Литмир - Электронная Библиотека

— Нужно остаться по эту сторону ворот, — прошептал он.

Ворота были концепцией Зайки, оружием ума, которое он выдумал, чтобы бороться с окружающим его миром. Они открывались в воображаемое пространство, где можно было получить инструкции для новой жизни. Например: человек с хорошим зрением может с философской точки зрения быть благодарен за свое зрение. Мысль о слепоте может пугать его, он просто ненавидит такую мысль, потому что не знает ничего об особенностях слепоты. Он понятия не имеет, что бывают сотни видов слепоты. Он считает, что можно вдруг просто ослепнуть, но, когда зрение покинет его, он пройдет сквозь ворота и увидит много новых возможных странностей, новые вещи, которые можно желать и о которых можно беспокоиться. Существует вид слепоты, когда глаза остаются яркими и кажутся окружающим совершенно нормальными. Как только человек поймет, что он именно такой слепой, он оценит, насколько это хорошая слепота. Но бывает такая слепота, при которой глаза становятся мутными или зрачки болезненно вращаются все время. Это плохая слепота. Здоровому человеку ни к чему представлять эти разновидности ужаса, равно как и облегчение, что у тебя хорошая, а не плохая слепота. Пока он не пройдет через ворота, где молодые светлые специалисты занимаются новыми реальностями и заставляют тебя чувствовать причастность к высшему порядку бесконечной игры и понимать, что люди находятся далеко внизу, а перед тобой открыты новые горизонты.

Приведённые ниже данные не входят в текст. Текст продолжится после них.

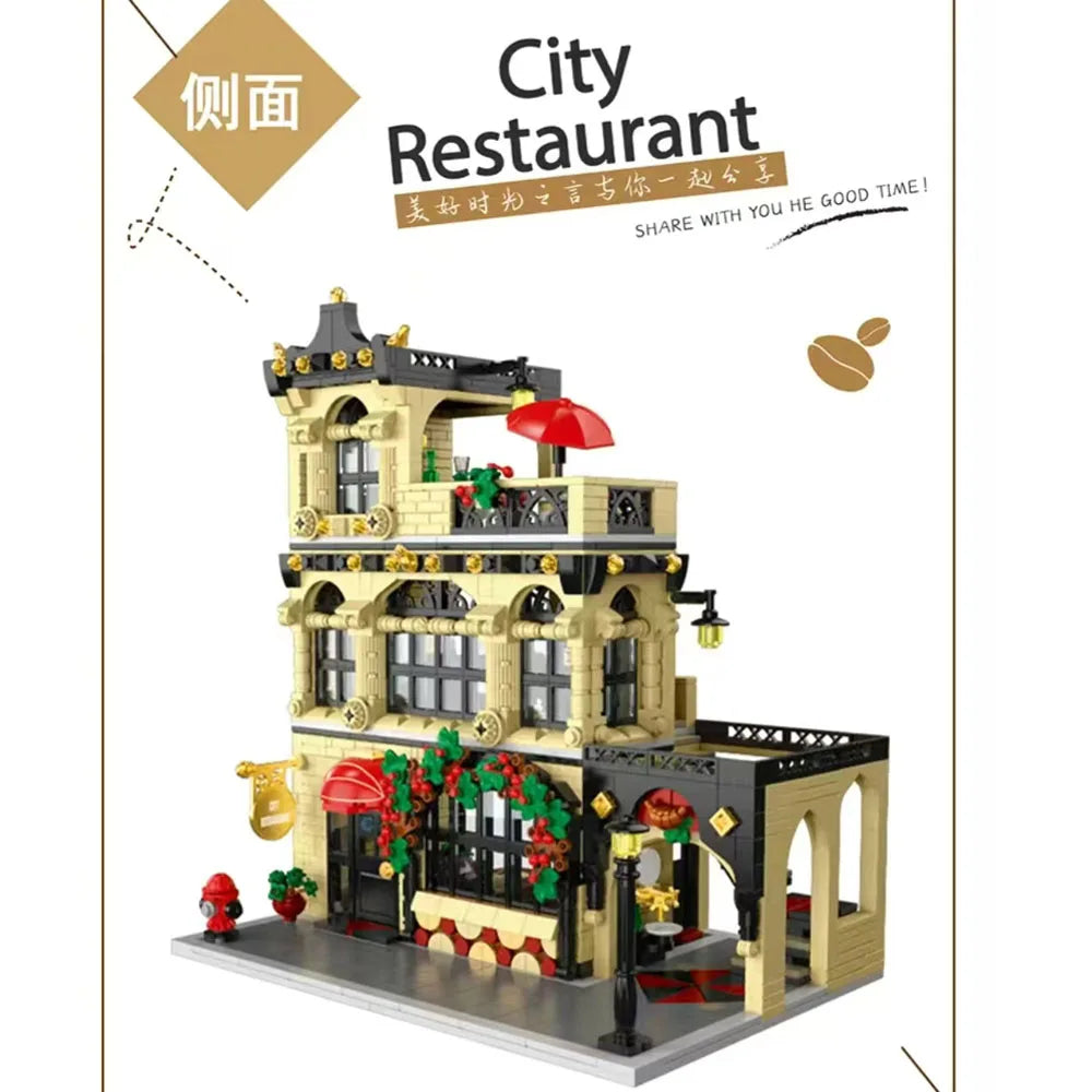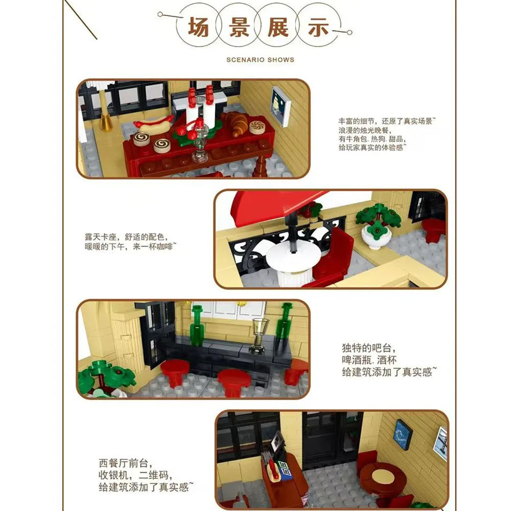 Creative Expert City Street View MOC XMORK 20114 City Restaurant Block Module Model 1489pcs Building Blocks Brick Puzzle Toys

Когда правда будет простой: ты ослеп.

Как бы Зайке хотелось, чтобы они остались на севере! О, что за прекрасным аквариумом был «Альбион», с его тихими коридорами, величественными землями, которые взрыв лета превращал в своего рода Борнео, но без обезьян. Как чудесен был спокойный распорядок с непременно грустной песней птицы, что доносится как вздох после тишины, вздох, который живет, только чтобы оплакать звон столового серебра или фарфора.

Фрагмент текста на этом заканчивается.